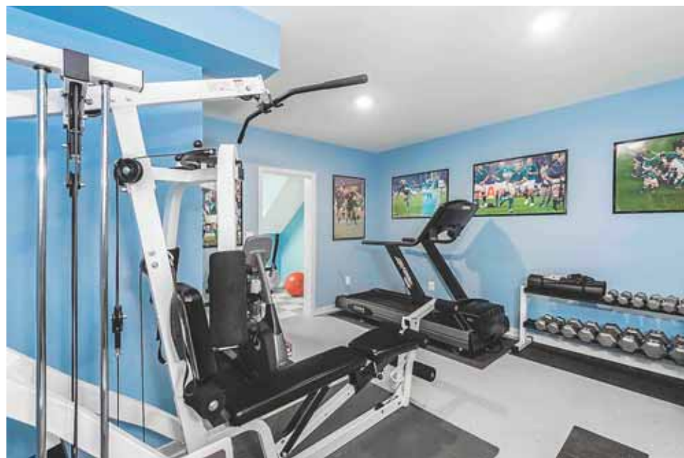
Accessible only through a back hall, the 200-square-foot fitness center offers weight machines and a treadmill in a brightly lit room adorned with photos of the owner’s favorite sport: rugby.
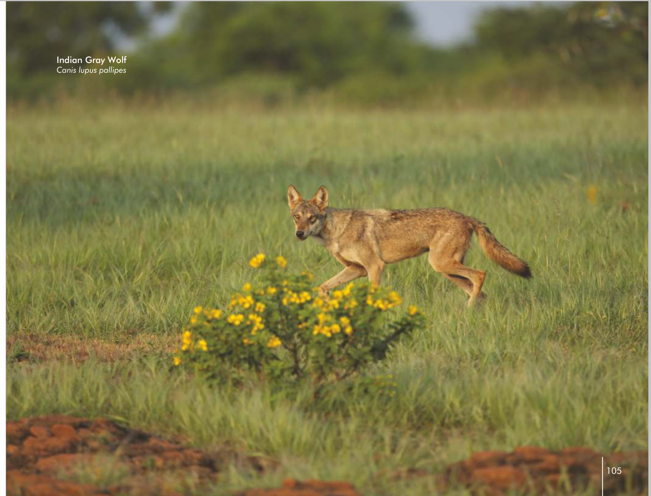
Indian Gray Wolf Canis lupus pallipes
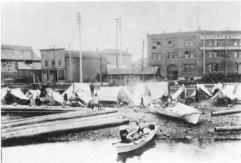
Natives camping along Burrard Inlet. Date unknown.
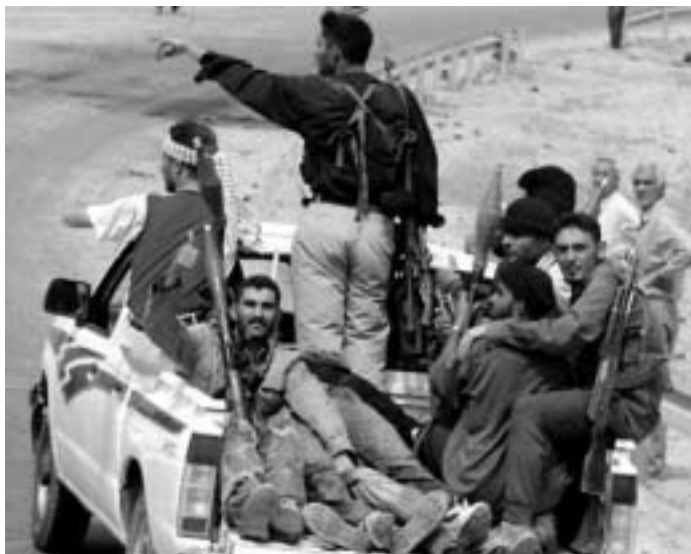
In the midst of popular hatred of the U.S. occupiers, guerrilla activity in Iraq has not ended.

There was a weekend of militant demonstrations in January in Amarah centering on the critical issue of jobs. It was violently
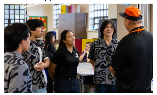
Sen. Fevella speaking with a team of JCHS students on their presentation

get ahead. Professional women from SSFM and STEMworks showed up to offer valuable career resources. Students were platformed to show off their approaches to engineering questions and programming - some of the most sought after fields of work in Hawaii. Inclusivity in STEAM is only going to grow more important, so mahalo to JCHS for recognizing it early.
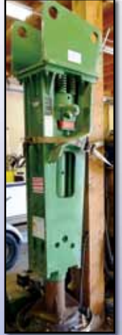
'09 ROCKRAM 778RTK (UNUSED)

Ingersoll-Rand ZX-125 Attachments: UNUSED ATLAS COPCO HC920 Hydraulic Plate Compactor • UNUSED GEN-TEC Hydraulic Thumb Attachment • CP 50" Digging Bucket . In good condition.
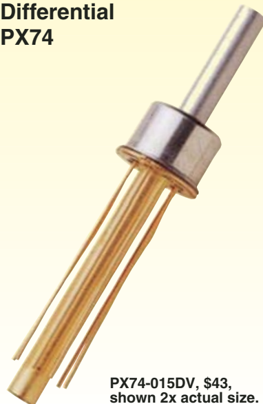
PX74-015DV, $43, shown 2x actual size.
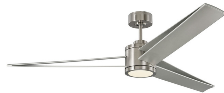
Shown in brushed steel / silver
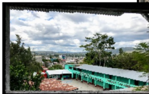
Ernesto Chavarria Rivadeneyra School in Sanarate
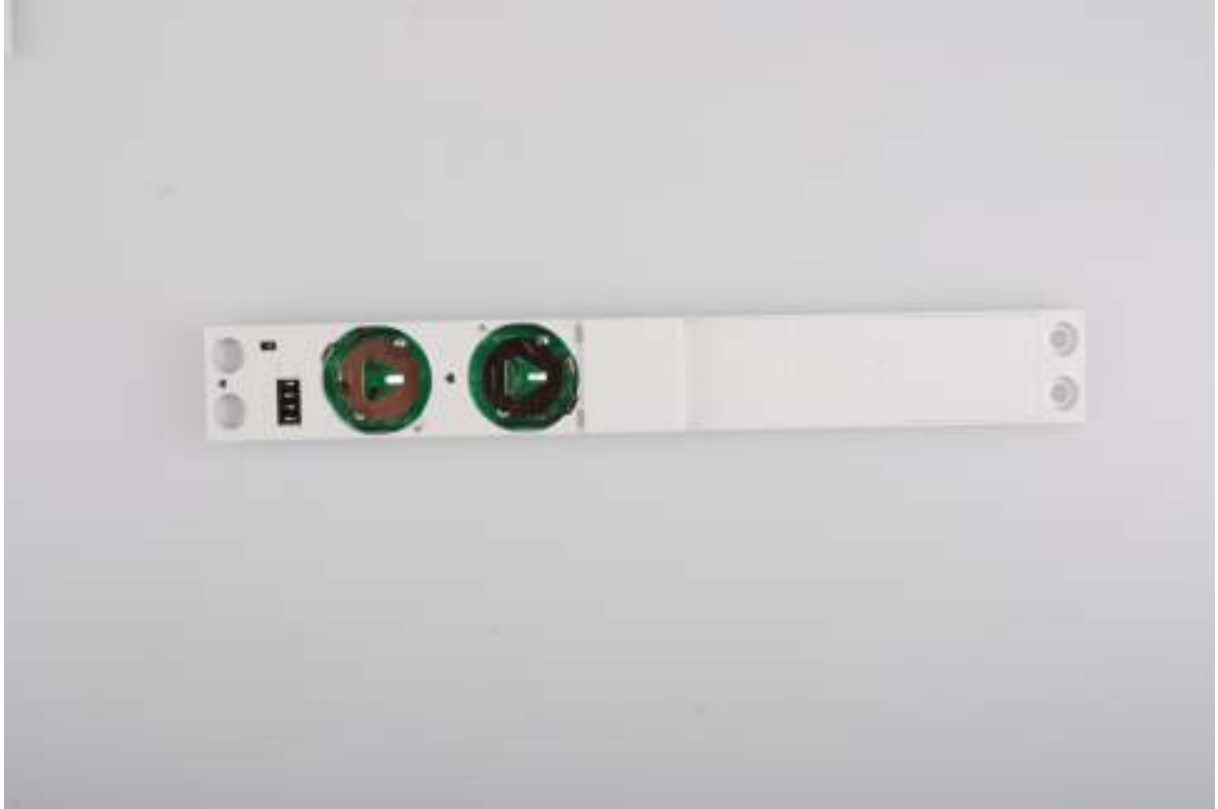
Front view without battery cover
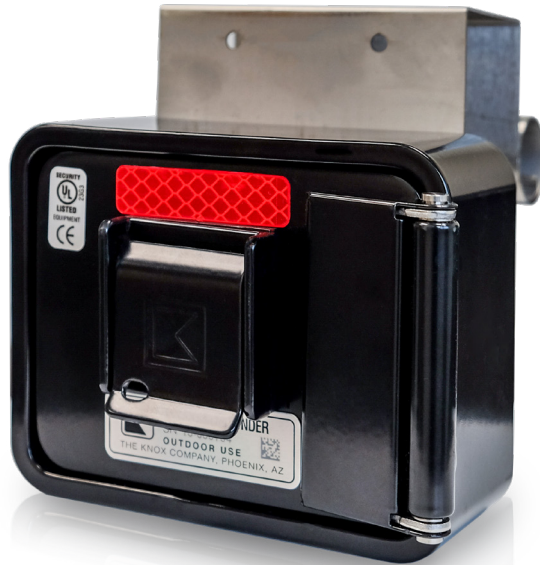
Door Hanger Model #1659
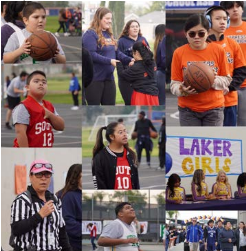
Cypress proudly welcomed students from all over the district for the SYS Basketball Tournament.

On January 19th, AUHSD held its annual Special Youth Service Basketball Tournament at Cypress High once word got around that the original host of the occasion (Loara High) would have to go under some renovations earlier than expected. Schools from all over the district gathered for the annual tournament at Loara High School-up until the where Special Education students Special guests The Laker Girls even made an appearance on campus during the event. There were also special performances from Cypress'
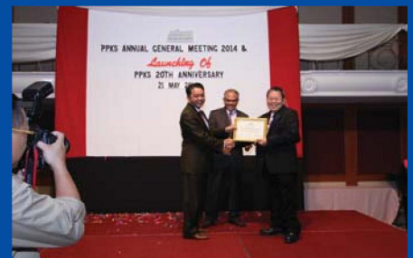
Sarawak Information Systems Sdn. Bhd
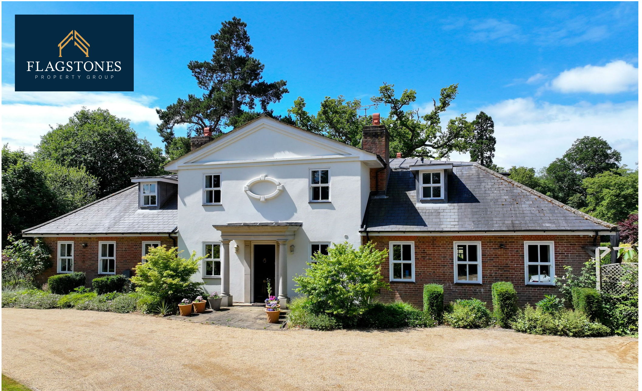
Mulberry House Wildhill Road, Woodside, AL9 6DD £3,950,000
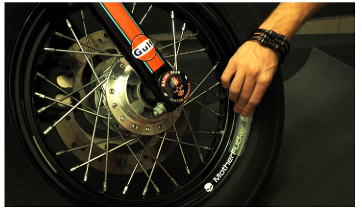
Remove the plastic film very gently.
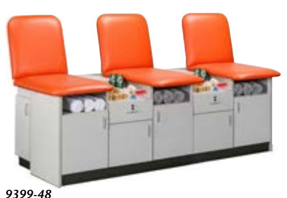
48" Cabinet-style, 3-Seat, Taping Station with Backrests
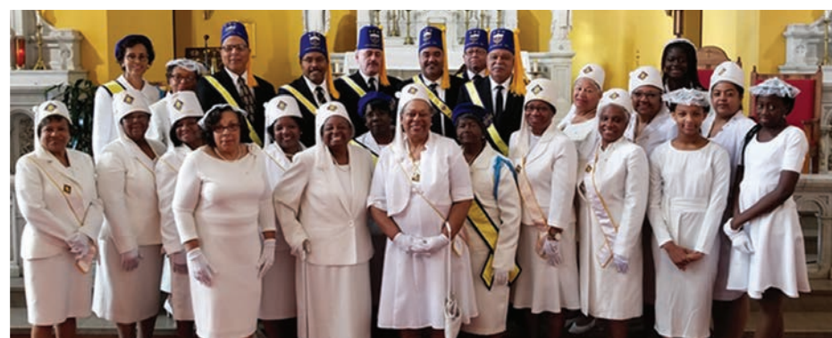
The St. Cyprian Council of the Knights of Peter Claver, Court 298 of its Ladies Auxiliary, and its local Junior Daughters group celebrated the order's Founders Day at Columbus St. Dominic Church. Members of all three groups are pictured. The order is the nation's largest African American lay Catholic organization and was founded in November 1909 by four priests and three laymen in Mobile, Alabama. It is named for St. Peter Claver, a Spanish Jesuit priest who ministered to African slaves in what is now the nation of Colombia.

who, through his daily actions, words and prayers exemplifies the "good and faithful servant." The recipient will have the opportunity to share his personal testimony during the ceremony.
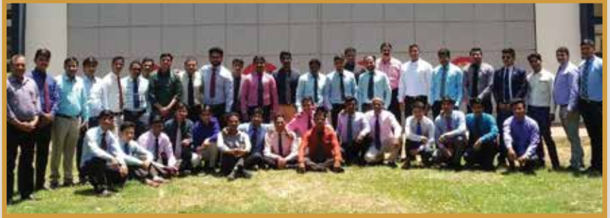
Group of SE's visited Nashik Plant on May 12 th and June 9 th . They were taken on a round of Production, QC/QA and R&D Departments. They attended the presentations titled "Pharmaceutical Quality Management System" and "R&D Bridging the Gap" at Hotel Grand Rio and lunch thereafter
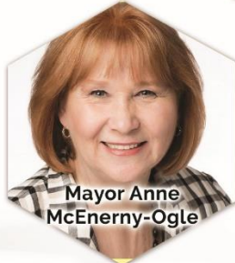
Mayor Anne McEnerny-Ogle
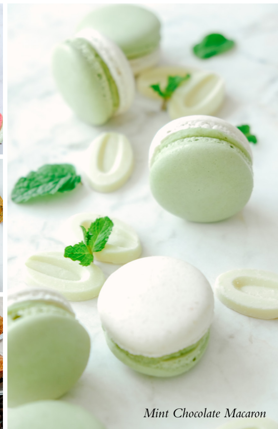
Mint Chocolate Macaron
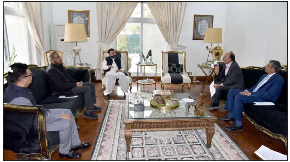
QUETTA: Chairman OGRA Masroor Khan meeting with Chief Minister Balochistan Mir Sarfraz Ahmed Bugti.

immense political goodwill while cooperating closely over a wide range of areas. The prime minister called for the early resumption of PIA flights between Pakistan and the UK to help strengthen linkages between the two countries and assuage concerns of the 1.6 million strong Pakistani diaspora in the UK. He requested the high commissioner to convey his best wishes to King Charles III and prayed for his early recovery to full health. The prime minister also expressed the hope that the King would visit Pakistan, as soon as his health permitted him to travel.
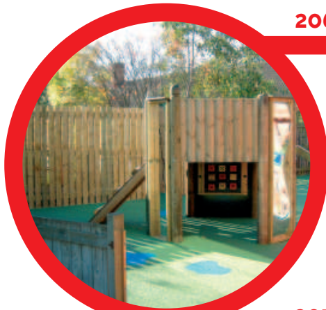
206 Large Infant Tower

* **THE PROBLEM**:
How many lines in the entries above include the string "have"? Please answer with that number and nothing more.

* **RESULT FOR THIS EXERCISE**:
2